第10話 鉄壁の男-苦杯

 薄暗い店内には、客が一人。

 カウンターに8人も座れば、一杯になる店だ。


 無骨なカウンターだが、よく見ると素材は無垢楢の最高級品を使っている。

 長い年月の間に、変色し、いいあじを出している。

 置いている酒は種類こそ多くないが、各種逸品を揃えている。

 保管の仕方もいい。


 バーテンダーは客を見て、対応を変える柔軟性を持ったプロだ。

 今夜の客は、必要以上の干渉を好まないことを知っていた。


 会話は、無い。

 聞こえるのは、客の男が、時折グラスを持ち上げ、酒を干し、グラスを置く音だけだった。


 バーテンダーが、空になった分厚いグラスにそれまでと同じバーボンを注いだ。

 ワイルドターキーの13年。

 それを、男は生でやっていた。

 どうやら、その男は、いつもそれを同じやり方で、飲んでいるようだ。


 その男vahohoは、同じリズムでグラスを持ち、ターキーを口に含み、グラスを置く。

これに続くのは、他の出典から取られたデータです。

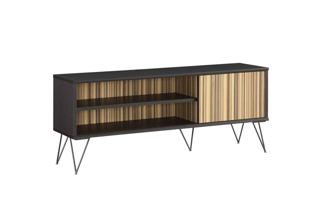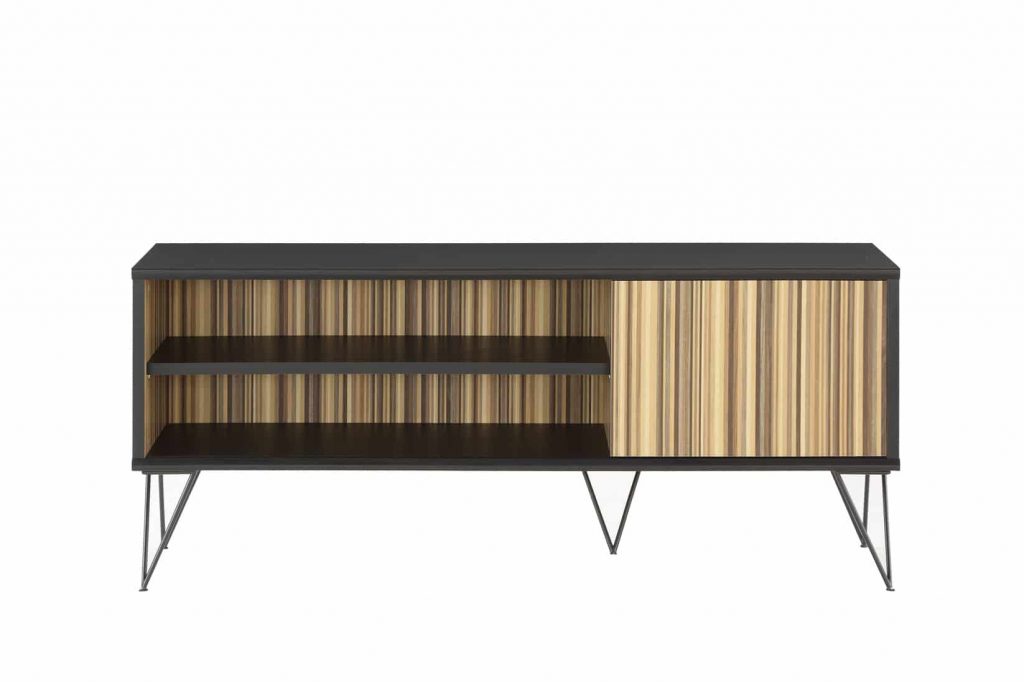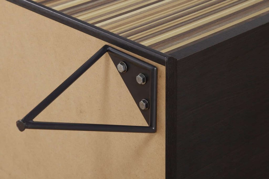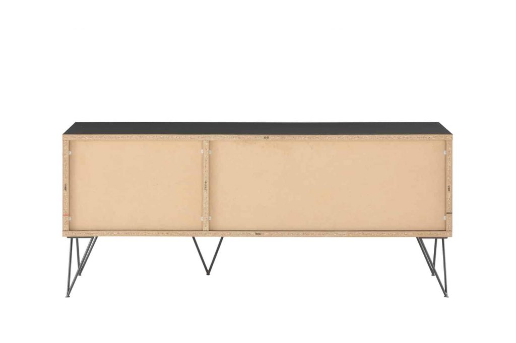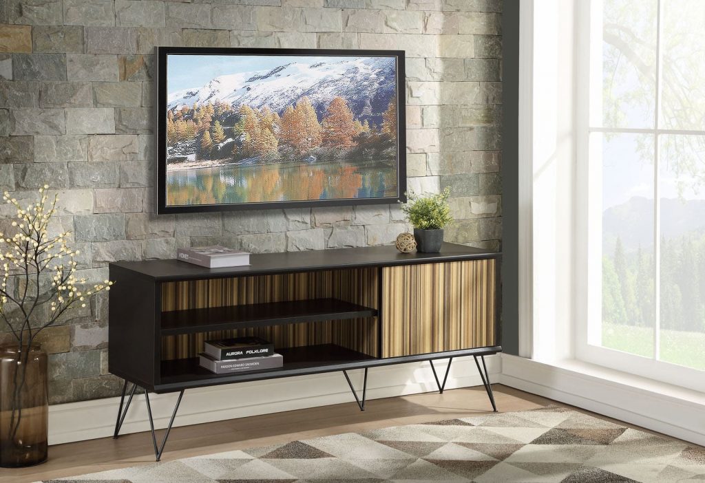 The Derwin TV Stand is constructed with PVC and MDF. It comes in a black & natural wood finish, and is ready to assemble upon shipment. It is built with two shelves and a cabinet to use for maximum storage. It is a great size and won’t take up much space, and can hold your TV with no problem.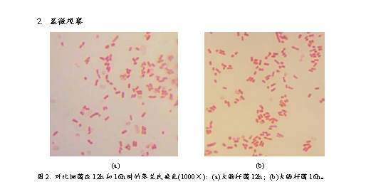 2、 將實(shí)驗(yàn)菌株細(xì)菌在NA斜面置于37℃培養(yǎng),斜面生長至12h時(shí),取菌進(jìn)行革蘭氏染色,油鏡鏡檢。斜面繼續(xù)培養(yǎng)至16h時(shí),同樣,取菌鏡檢。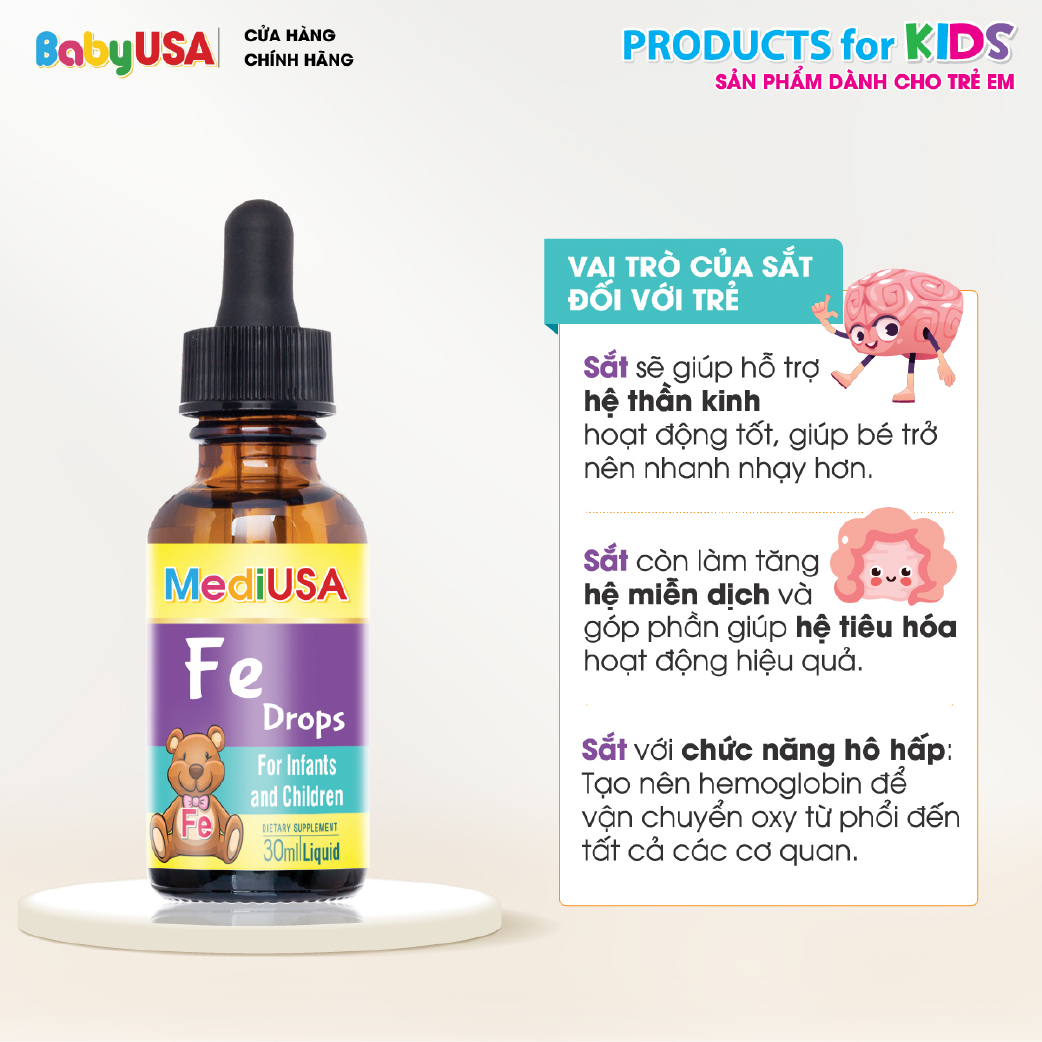 ✨MediUSA Fe Drops - Thực Phẩm Chức Năng cung cấp Sắt, tái tạo hồng cầu cho trẻ, tăng sức đề kháng - Hàng chính hãng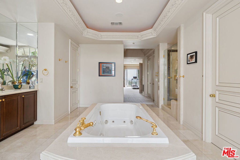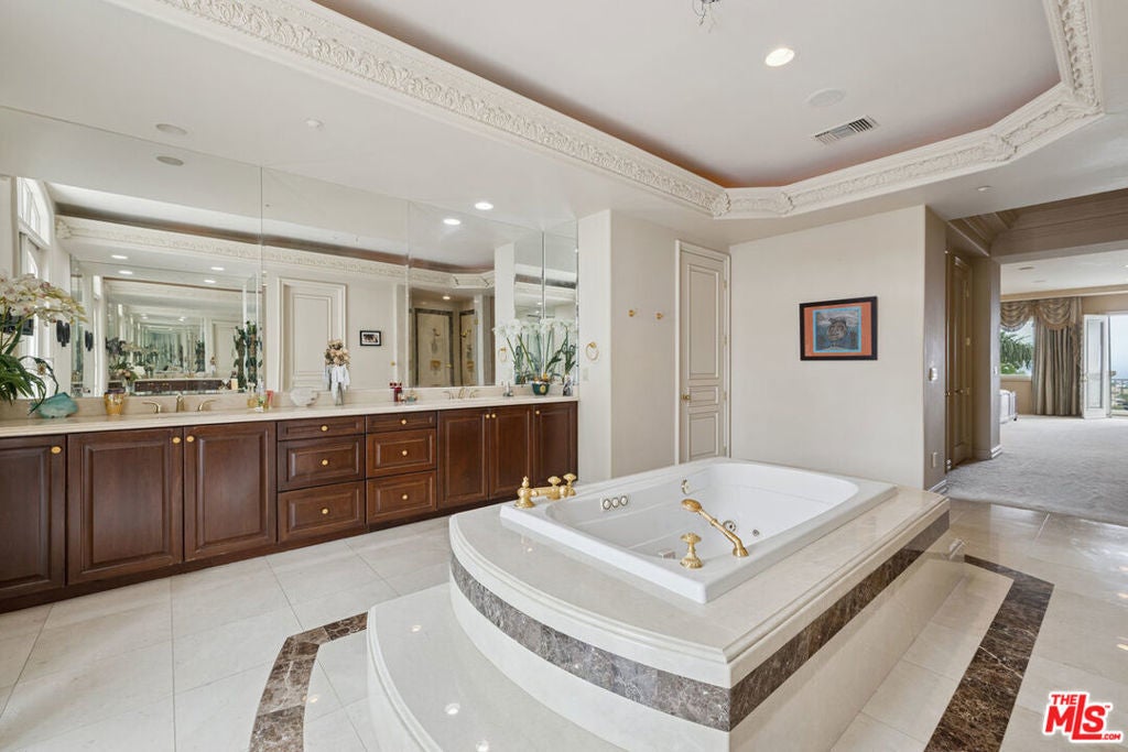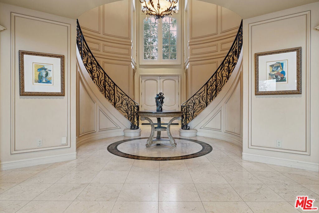 HUGE REDUCTION OVER $900k Since Originally Listed ! Located in the exclusive, 24 hour guard-gated community of Mulholland Park, this magnificent, double lot, 6-bedroom, 8-bath estate offers unparalleled luxury and privacy on an exceptional double flag lot spanning over 2.67-acres w/ expansive views! Highly desirable Plan 6 model. 100 ft Setback private driveway, oversized, & dual entry two car garages. Hand carved crown mouldings, attention to detail wainscotting, and so much more. Situated on a quiet cul-de-sac street, This expansive residence spans over 6000 square feet and features breathtaking panoramic vistas of the San Fernando Valley and The Mulholland Country Club. Key features are Floor-to-ceiling windows and multiple balconies capture panoramic views of the verdant golf course and the valley below. All creating a stunning backdrop for both daily living and special occasions. Grand-scale entertaining: The dual startcase formal entry opens to a dramatic great room with soaring ceilings, a formal dining area, and a spacious, modern kitchen with granite countertops and high-end appliances. All custom made dual wrought iron winding spiral staircase leads to all upper bedrooms, luxurious master retreat, complete with a cozy fireplace, his-and-hers private water closets, expansive walk-in closets, and private balconies overlooking the pool and valley. Generous living spaces: In addition to the primary suite, the home includes four large bedroom suites, all en-suite full baths with their own private balconies, a guest/maids' quarters, a private office, and a state-of-the-art movie theater. Park-like grounds: The home is set on a massive all usable lot providing a serene and private outdoor oasis. The grounds feature a pool, spa, entertaining areas, room for a sports court area, and an expansive lawn perfect for relaxing and enjoying the scenery. This property is a very unique and special "hand picked" lot, all oversized for large parties and entertaining with elegance and privacy. Enjoy this offering as a truly magnificent living experience in one of Tarzana's most prestigious communities. A must see of a lot and prime location!

 何年も前から同じことをやっていたのでは、と思えるほど、変わらない。

 だが、実際には、そうでは無い。


 vahoho は、鉄壁と呼ばれた過去をおもいだしていた。

 その時も、この店で、同じものを飲んでいた。

 だが、その時と違い、グラスの酒は苦い。

 そして、その時と違うのは、今は一人だというとこだ。

 その時は、二人だった。


 vahoho は、今と同じ席。右隣に座っていたのは、あの男だった。


 あの時のことは、今も鮮明に覚えている。

 あの時から、全てが、変わったのだから。

 三年前のあのときから。


 その時、二人は同じ懸念を持っていた。

 それについて話すことを、事前に取り決めていた訳では無かった。

 だが、会ったとき、お互いに同じことを考えていることが、分かった。


 二人は、自分の腹の内は曝け出し、グラスに手を付けることなく策を練り続けた。

 ようやく策が形になり始めたのは、一昼夜経った頃であった。

 人心地ついた二人は、思い出したようにグラスに口をつけた。

 思いの他、旨い酒であった。


 その時、それは起こった。

 最初は、気付かなかった。

 グラスの酒が小さく波紋を作ったときに、二人は同時に異変に気付いた。


「地震か?」


 地面が揺れていた。

 だが、地震の揺れとは、少し異なっていた。

 阪神大震災を経験した二人には、それが、分かった。


 何かが、地から、せりだしてくるような揺れだった。

 それは、五分間続いた。揺れがおさまったとき、街から悲鳴と驚愕の声が上がった。


 二人は、外に飛び出した。

 呆けたような人々の視線のさきを見た。


 それを、見たとき、二人は同時に呟いた

「あいつら、本当にやりやがった」


 そして、今しがたまで作っていた策が、ゴミクズになったことを知った。


「どうする?」


「こうなったら、どうしようもない。

 俺は、地にもぐる。vahoho 、あんたはどうする?」


「こそこそするのは、性に合わねえ。

 あがけるだけ、あがいてみるさ」


「ふっ。あんたらしいな」


「じゃあな」


「待て。この先万一、連絡をとる必要になったときの方法を決めておこう」


 まさか、本当にあの方法を使うときが来るとは思っていなかった。

 だが、どうやってあれを打つか?テレグラムか、グーグルチャットか。

 いや、どの手段でも、奴等には筒抜けか。

 なら、いっそのこと。


 vahoho は、INGRESS を立ち上げ、COMM ALL※1で入力した。


 vahoho @大仏 久し振りに七面鳥を



 ※1.COMM ALL:COMMはINGRESS内でのチャット機能。

自陣営向けのCOMM FACTIONと両陣営全エージェント向けのCOMM ALLの2種類存在する。